Fig. 2: Protein glycosylation composition and microheterogeneity in the mouse brain.

a, Frequency of the number of unique glycan compositions per site in the PGC-fractionated mouse brain N-glycosylation data (on average, 18 glycan compositions were identified per site). b, Total number of unique glycopeptides, glycosites and glycoproteins per glycan class for the PGC-fractionated mouse brain sample. c, Frequencies of glycan classes identified in this study and in a recent glycoproteomics study using lectin-based enrichment16. d, Distinct glycan classes are significantly overrepresented or underrepresented on specific functional protein domains from the InterPro database (log2 odds ratio > 0 or log2 odds ratio < 0, Fisher’s exact test, adjusted P value < 1 × 10−3; examples shown). e, Glycosylation profiles of sites belonging to the same protein are significantly more correlated compared to when glycan compositions are shuffled across the whole glycoproteome (Kendall rank correlation coefficient for n = 29,932 site pairs per distribution, two-sided Wilcoxon rank-sum test, P < 2.2 × 10−16).
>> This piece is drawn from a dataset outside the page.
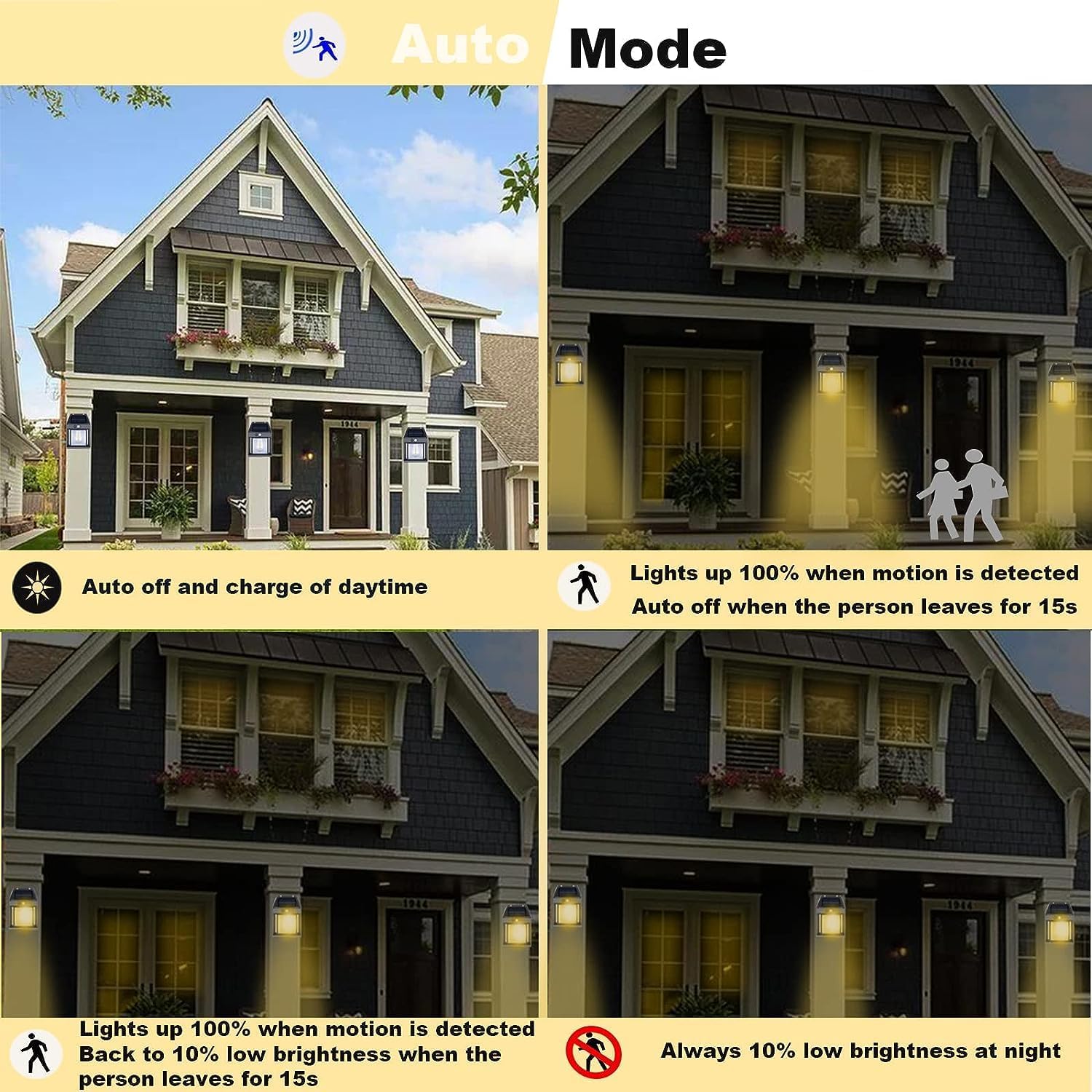 Auto ON/OFF Sensor: Automatically turns on at dusk and off at dawn. Operates up to 12 hours after a full charge. Ensure the switch is turned ON before first use.

Box plots indicate the median and the first and third quartiles. Whiskers extend from the hinges to the largest value no further than 1.5 × the interquartile range. Data points beyond the end of the whiskers are plotted individually. f, Results of the GO enrichment analysis (STRINGdb) of proteins with sites displaying low, medium or high microheterogeneity (n = 1–2, 3–11 and 11+ unique glycan compositions per site, respectively) for selected significant terms (two-sided Fisher’s exact test, FDR < 0.05). g, Frequency of glycosites or glycopeptides with a close known phosphosite (±5 residues) per glycan class for O-glycosylation and N-glycosylation data.